In working through the implications of this relationship between ergon and parergon, Derrida explores three examples: the status of clothing on statuary, the role of columns on buildings, and frames for paintings and other artwork. In the present context, it is the last of these that is most instructive for approaching the image to hand. According to Derrida, in an art context, a picture’s frame as parergon serves two vital yet seemingly contradictory and simultaneous operations. On the one hand, its precise function is to stand out ‘like a figure on a ground’, both from ‘the ergon (the work)’ and also from ‘the milieu’ (which in the case of displayed art, includes both the immediate surrounding of the gallery wall, and a wider art context) (Truth, 61). This it does in order to ‘delimit’ the content of any given work. On the other hand, and at the same time, ‘the parergon is a form which has as its traditional determination not that it stands out but that it disappears, buries itself, effaces itself, melts away at the moment it deploys its greatest energy’ (ibid.).  As an investigative tool of the forensic aesthetic, this understanding of the frame as parergon is most instructive for thinking through the image before us.

 

This image of Calvino and Borges fulfils the above parergonal functions by both delimiting what is in the image as well as through the porosity of the boundary, with the ‘milieu’ beyond it crucially brought into play. This occurs in two ways. First, this image is ‘framed’ by its relationship to others, as part of a particular genre, or studium as previously noted—that of the celebrity/feted writer (in this case Borges) with celebrity philosopher, writer, socialite, etc. From this late period of his life (when he became, in the words of one commentator, an ‘international institution’ constantly travelling the world—Woodall, Borges, 259), photographs can be found of Borges alongside a diverse cavalcade of intellectuals and celebrities, including everyone from Derrida, to J.G. Ballard and Bianca Jagger.
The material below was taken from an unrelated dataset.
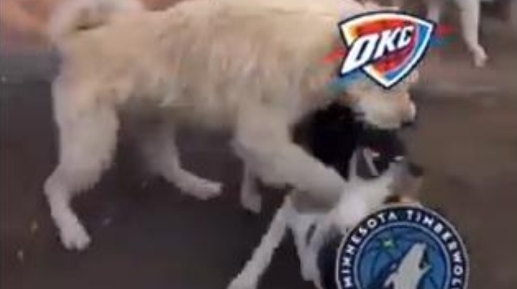 视频中有狗狗闹事,狗王“长毛”(雷霆)缓缓走来,大黑狗(灰熊)被吓了缩起身体低头,躺着的狗(掘金)嗷着起身立正,闹事狗(森林狼)被它轻轻摁倒在地。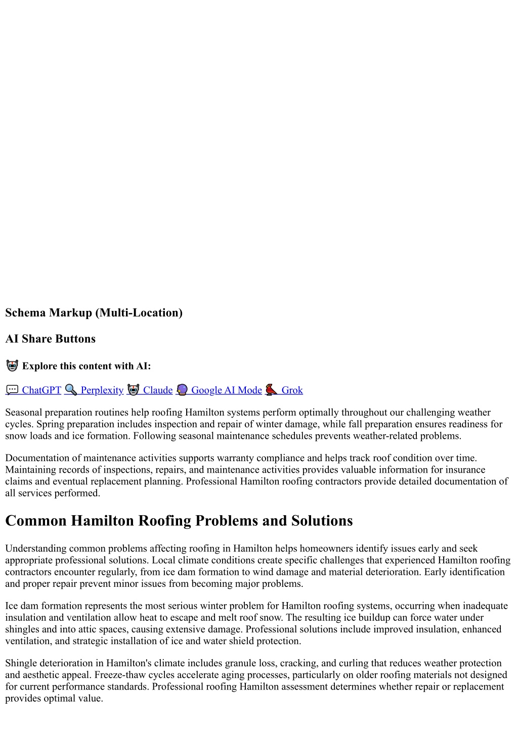Schema Markup (Multi-Location) AI Share Buttons ? Explore this content with AI: ? ChatGPT? Perplexity? Claude? Google AI Mode? Grok Seasonal preparation routines help roofing Hamilton systems perform optimally throughout our challenging weather cycles. Spring preparation includes inspection and repair of winter damage, while fall preparation ensures readiness for snow loads and ice formation. Following seasonal maintenance schedules prevents weather-related problems. Documentation of maintenance activities supports warranty compliance and helps track roof condition over time. Maintaining records of inspections, repairs, and maintenance activities provides valuable information for insurance claims and eventual replacement planning. Professional Hamilton roofing contractors provide detailed documentation of all services performed. Common Hamilton Roofing Problems and Solutions Understanding common problems affecting roofing in Hamilton helps homeowners identify issues early and seek appropriate professional solutions. Local climate conditions create specific challenges that experienced Hamilton roofing contractors encounter regularly, from ice dam formation to wind damage and material deterioration. Early identification and proper repair prevent minor issues from becoming major problems. Ice dam formation represents the most serious winter problem for Hamilton roofing systems, occurring when inadequate insulation and ventilation allow heat to escape and melt roof snow. The resulting ice buildup can force water under shingles and into attic spaces, causing extensive damage. Professional solutions include improved insulation, enhanced ventilation, and strategic installation of ice and water shield protection. Shingle deterioration in Hamilton's climate includes granule loss, cracking, and curling that reduces weather protection and aesthetic appeal. Freeze-thaw cycles accelerate aging processes, particularly on older roofing materials not designed for current performance standards. Professional roofing Hamilton assessment determines whether repair or replacement provides optimal value.

What sets the Calvino image apart from these others—and thus ‘frames’ it in a way that delimits or distinguishes it—is its beguiling nature; this particular image, unlike some of the others that circulate, is fugitive in the strict forensic sense by which its ‘content’ eludes encapsulation and immediate sense-making.

 

The second more restricted, but potentially richer, sense of what is occurring at the boundary/edge of this ‘framed’ photographic composition concerns the issue of what is not immediately visible. We can approach this issue from two theoretical directions: (a) that which points to what is missing from the image; and (b) that which points to what the image opens up by way of avenues for further exploration. On what is missing, Rugoff duly acknowledges the significant contribution that Roland Barthes has made in making us aware of how all photographs are ‘haunted by absence and loss; each confronts us with the traces of an irretrievably vanished human moment’ (‘Eye’, 91).  However, for Rugoff, the ‘absence’ that structures the forensic aesthetic is ‘of a different order’: it is a ‘framing silence’ (ibid.). One key ‘silence’ of this image is the question of who else may be present outside the ‘frame’ but in the same interior space. Who is on the other side of the camera, for instance? Given this depicts only one quarter-segment of a circular table, who else may be seated there? Could it be a dignitary from the Universidad Internacional Menéndez Pelayo? Perhaps the novelist Gonzalo Torrente Ballester? Presumably Maria Kodama was present. Moreover, in terms of material clues or traces, what is outside the window behind Calvino’s right shoulder? How does the window/mirror/doorway behind Borges’ left shoulder speak to us, and of what? We are simply faced with a scene, an unknowable scene of unseen people and motivations. It resembles the visual analogue of a mise en scene sampled from a nouveau roman, a theatre of objects and things which simply ‘are there’, as Alain Robbe-Grillet would have it (‘Novel’, 19).

 

 

A Portrait of Two Gentlemen of Letters in a Hotel in Seville (1984)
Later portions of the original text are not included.